* DATA:
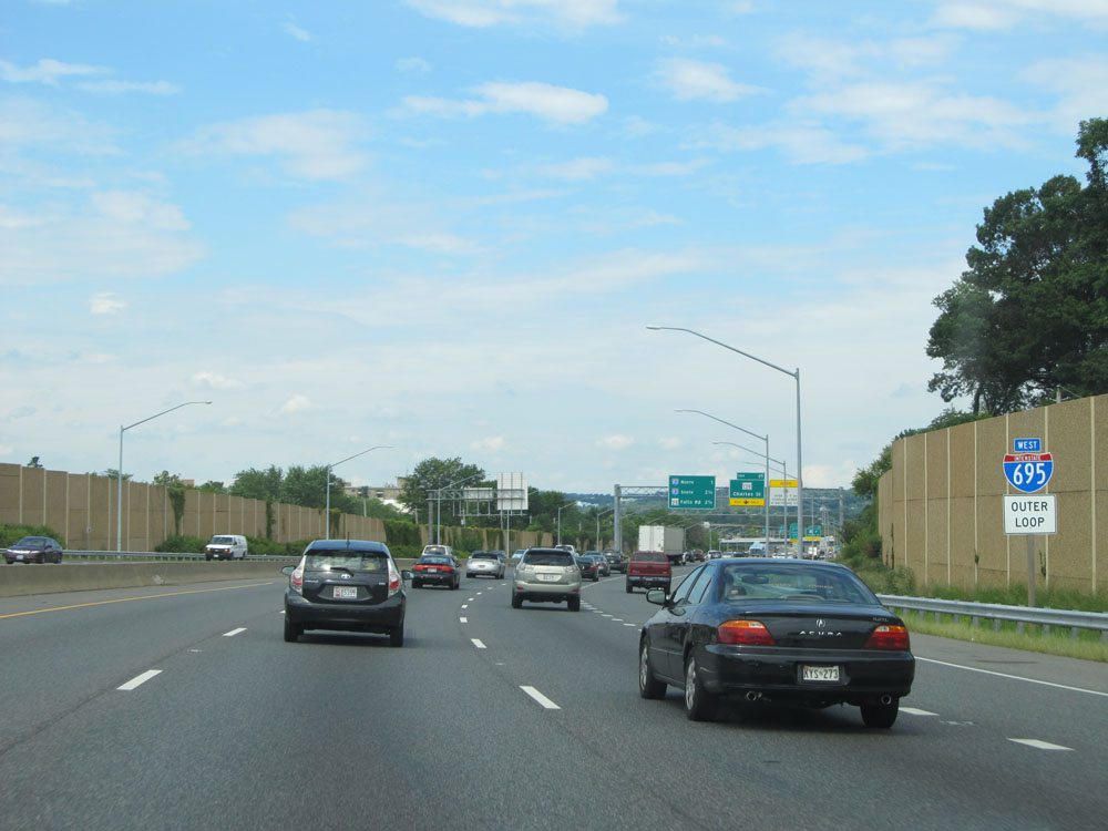Interstate 695 Outer Loop (North) assurance shield as I-695 curves to the north. (Photo taken 8/9/15).
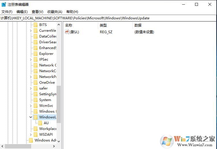4、然后定位到[HKEY_LOCAL_MACHINE\SOFTWARE\Policies\Microsoft\Windows\WindowsUpdate\AU]
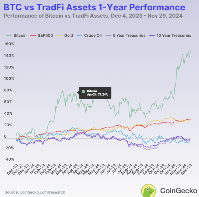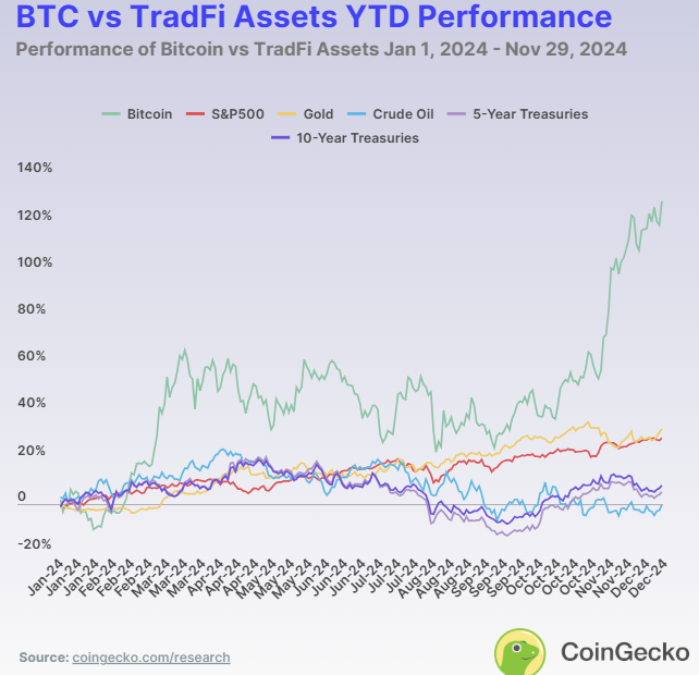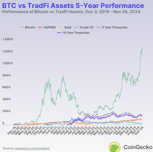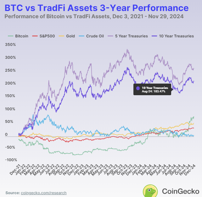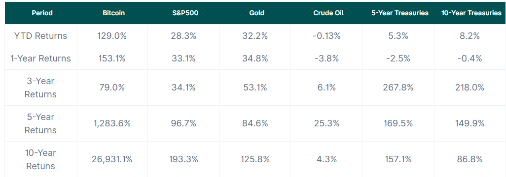 不同時間跨度的表現揭示了每種資產的優劣勢。在 2024 年,比特幣是表現最好的資產,回報率為 129.0%。黃金緊隨其後,年初至今回報率為 32.2%,展示了其作為傳統價值儲存手段的可靠性。標普 500 指數保持強勁,回報率為 28.3%。然而,原油價格下跌,回報率為 -0.13%,而美國國債提供了適度的回報,5 年期國債為 5.3%,10 年期國債略高,為 8.2%。
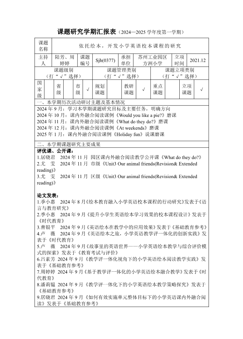课题研究学期汇报表(2024-2025学年度第一学期)
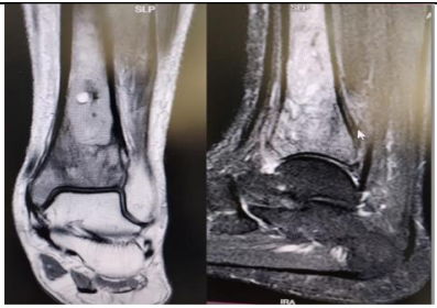 Patient was evaluated in our clinic, the radiograph showed the presence of distal tibial metaphyseal rarefaction and osteolytic lesion of about 2.5* 2.5 cm, there was no periosteal reaction or destruction and no soft tissue involvement (figure1). Blood parameters, bone profile and inflammatory markers were with in normal.
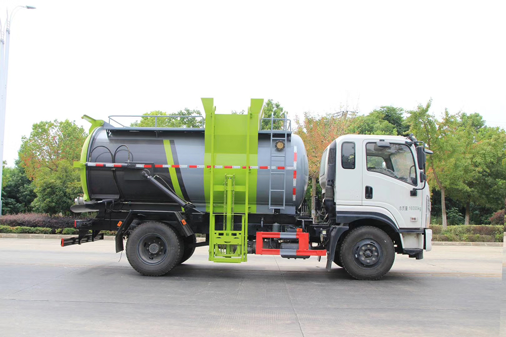罐體采用優質碳鋼板材,罐體內部選裝帶固液分離功能(全推推板,不銹鋼泔水分離網板),選裝罐內加熱功能(用于嚴寒地帶防止罐內餐飲垃圾凍結凝固,采用柴油燃燒機加熱,加熱速度快效果好,可設置高低溫實現自動溫控)。餐廚垃圾車帶全液壓操作系統,罐體舉升自卸,拉桿式掛桶提升機,可以掛120/240升垃圾桶進行作業,后蓋液壓驅動開啟、鎖緊,方便人員操作。
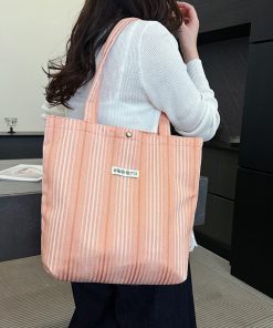 Bags for women’s seaside vacation style rainbow striped shoulder bag spring and summer large capacity canvas bag handbag
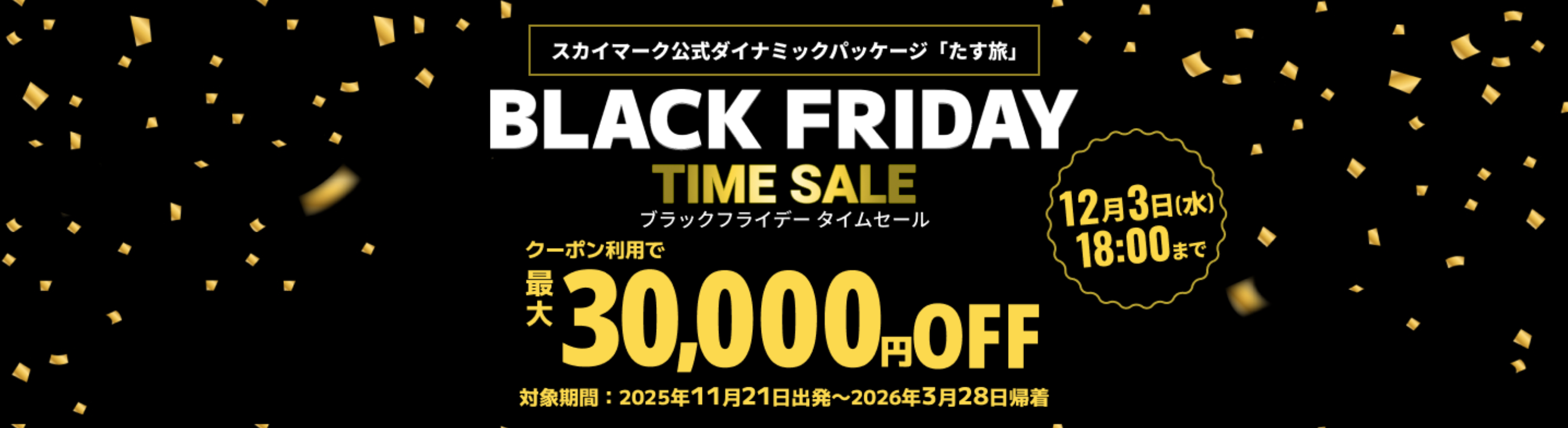 【WEB予約限定】ダイナミックパッケージ『たす旅』にてBLACK FRIDAY TIME SALE 実施中!最大30,000円引きの期間限定クーポンを使っておトクに旅しよう!
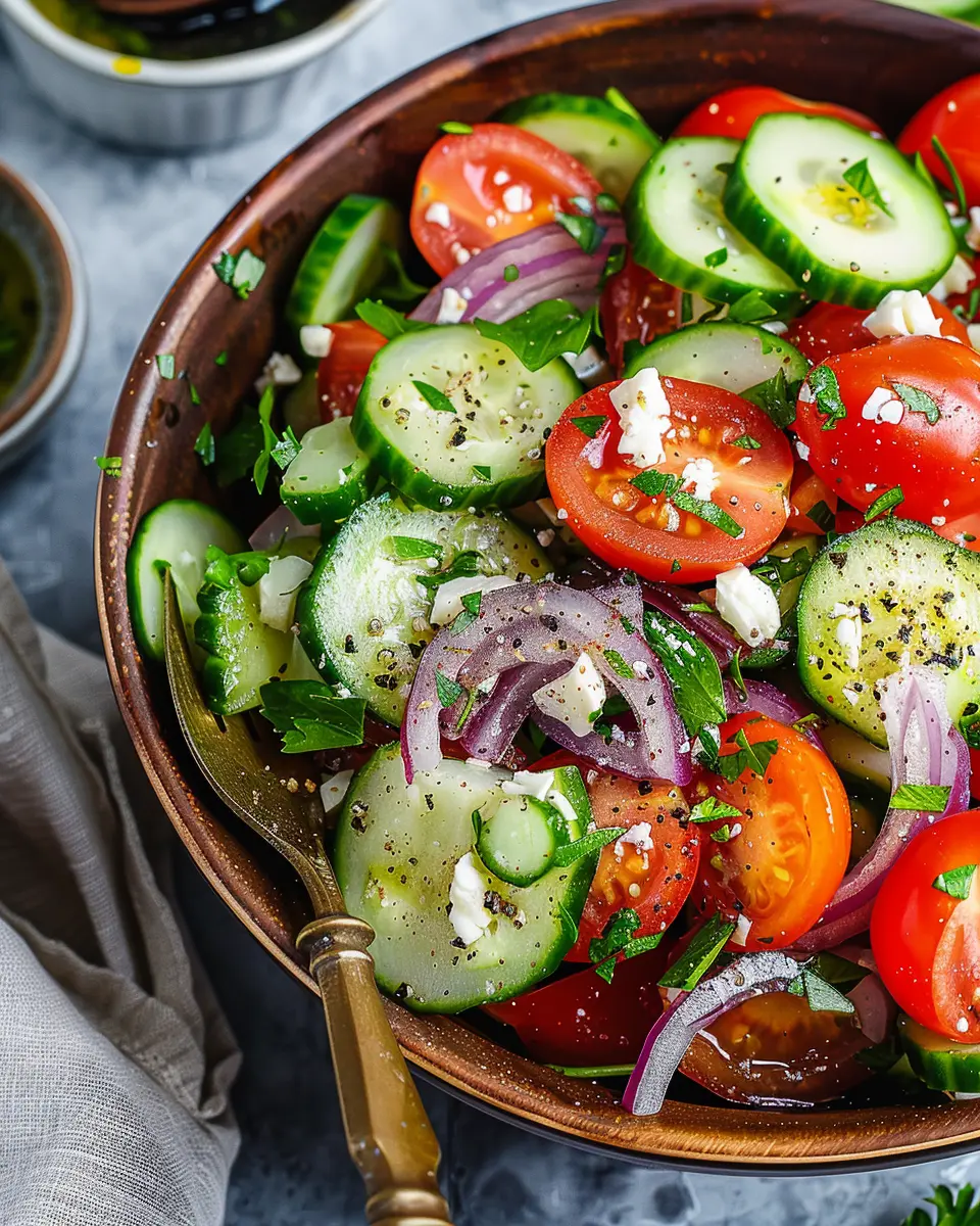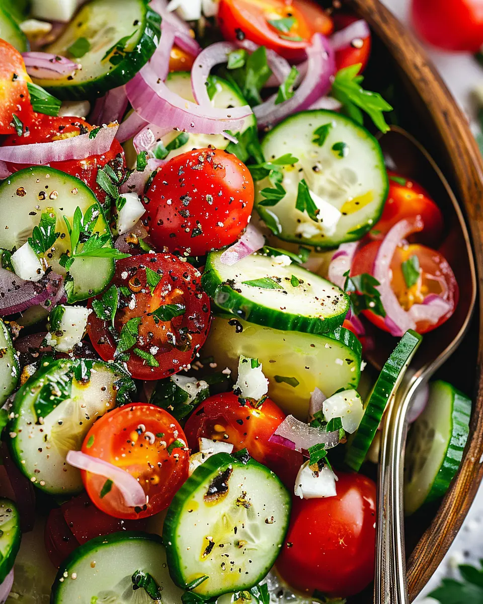 In conclusion, if simplicity, health, and flavor are what you crave, then making this Mediterranean Salad with Cucumber, Tomato, and Onion should be a go-to in your meal-prep rotation. You’ll not only nourish your body but also celebrate the joy of fresh, wholesome food—exactly what every young professional deserves. Get ready to dive into this delightful recipe!

* ACTION ITEM: In the listing above, find the line with "课题研究学期汇报表(2024-2025学年度第一学期)" and the line with "Patient was evaluated". Copy exactly those two and every line between, without the pictures.

* RESULT OF THE EXERCISE:
课题研究学期汇报表(2024-2025学年度第一学期)
 Patient was evaluated in our clinic, the radiograph showed the presence of distal tibial metaphyseal rarefaction and osteolytic lesion of about 2.5* 2.5 cm, there was no periosteal reaction or destruction and no soft tissue involvement (figure1). Blood parameters, bone profile and inflammatory markers were with in normal.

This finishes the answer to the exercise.